Page 15 - Detecting deepfakes and generative AI: Report on standards for AI watermarking and multimedia authenticity workshop
P. 15
Detecting deepfakes and generative AI: Report on standards for AI
watermarking and multimedia authenticity workshop
4 Session 2: Current state of deepfakes and deepfake detection
technology
In this session, panellists examined the current state and evolution of deepfake detection
technology and examples of innovative technologies used for detecting deepfakes in video,
audio, images, and text.
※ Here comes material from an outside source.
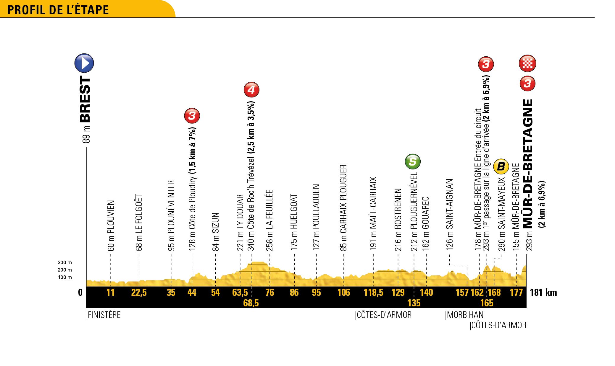 La jornada de 181 kilómetros entre Brest y el Muro de Bretaña, de este jueves, dejó buenas sensaciones para los integrantes de Movistar Team, porque en la primera pincelada de montaña, el británico Chris Froome (Sky) cedió algunos segundos con respecto a varios favoritos, entre ellos Alejandro Valverde y Mikel Landa.
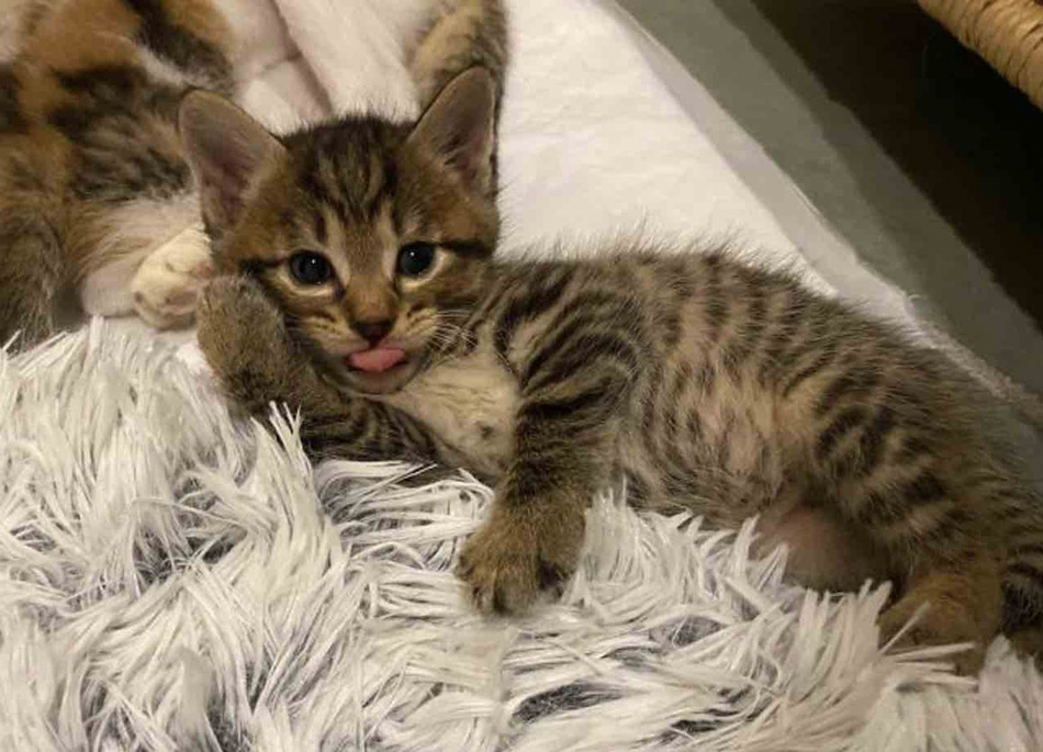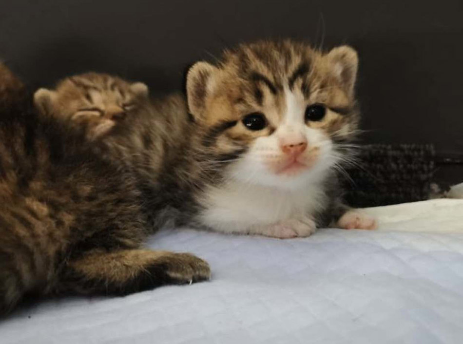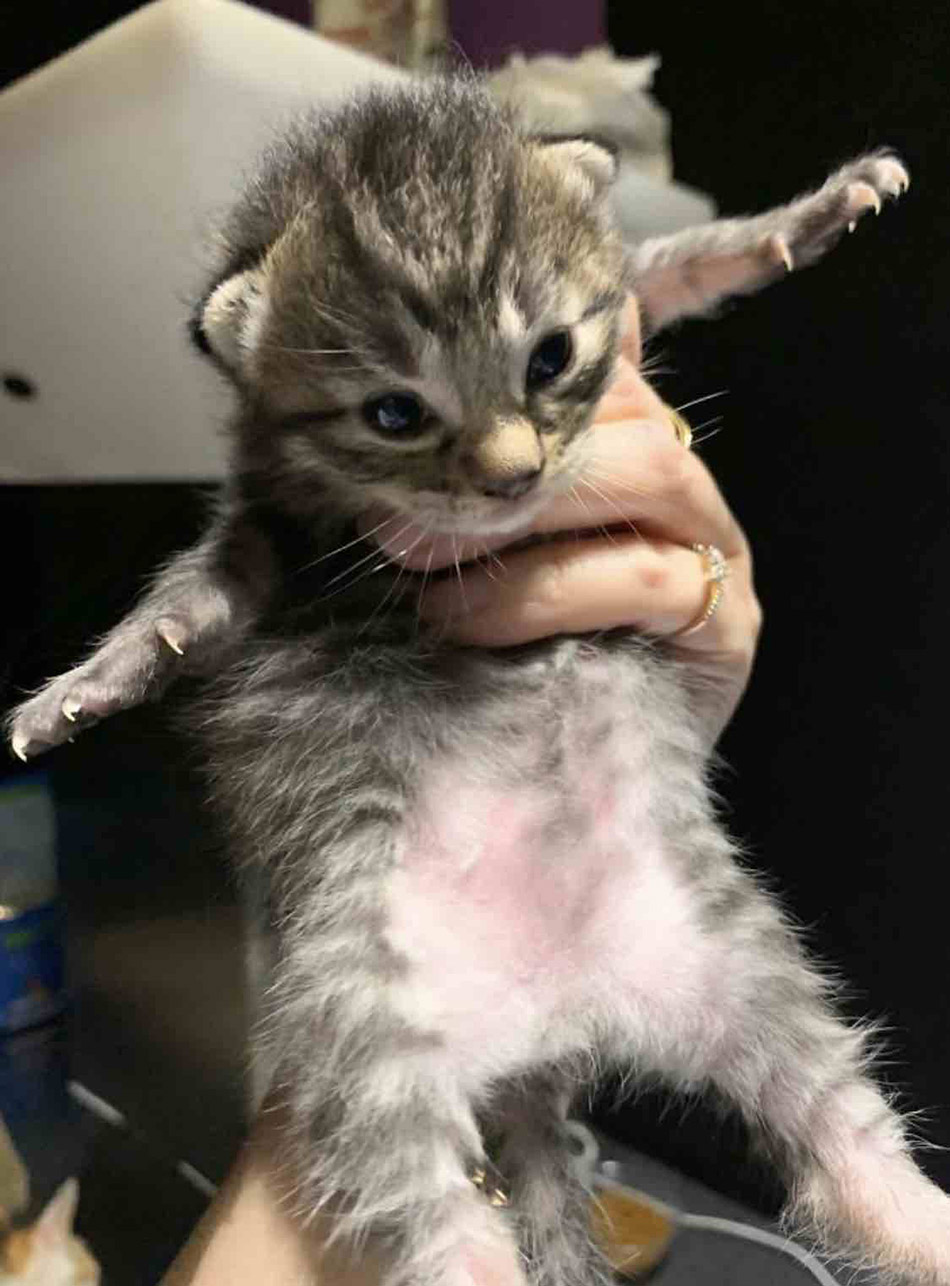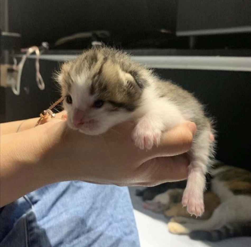 Two weeks passed and the little kittens began to open their eyes, this is No Ice, she’s the smallest one in the litter and is considered one of the sweetest.

Discussions focused on the level of application and performance
of detection technologies – and trends in different regions – and their potential to support
compliance with relevant policies and regulations planned or already in place.
Moderator: Sam Gregory, Director, WITNESS
Speakers
• Peter Eisert, Professor, Visual Computing, Humboldt University Berlin, Fraunhofer Heinrich
Hertz Institute.
• Touradj Ebrahimi, Professor at EPFL, Executive Chairman of RayShaper SA, and Chair of
the Joint Photographic Experts Group (JPEG).
• Emma Brown, Co-Founder, DeepMedia, and Rijul Gupta, Co-Founder and CEO,
DeepMedia.
• Li Wenyu, Director of Intellectual Property and Innovation Development Center, China
Academy of Information and Communications Technology (CAICT).
• Jonghyun Woo, CEO of DualAuth and President of the Passwordless Alliance.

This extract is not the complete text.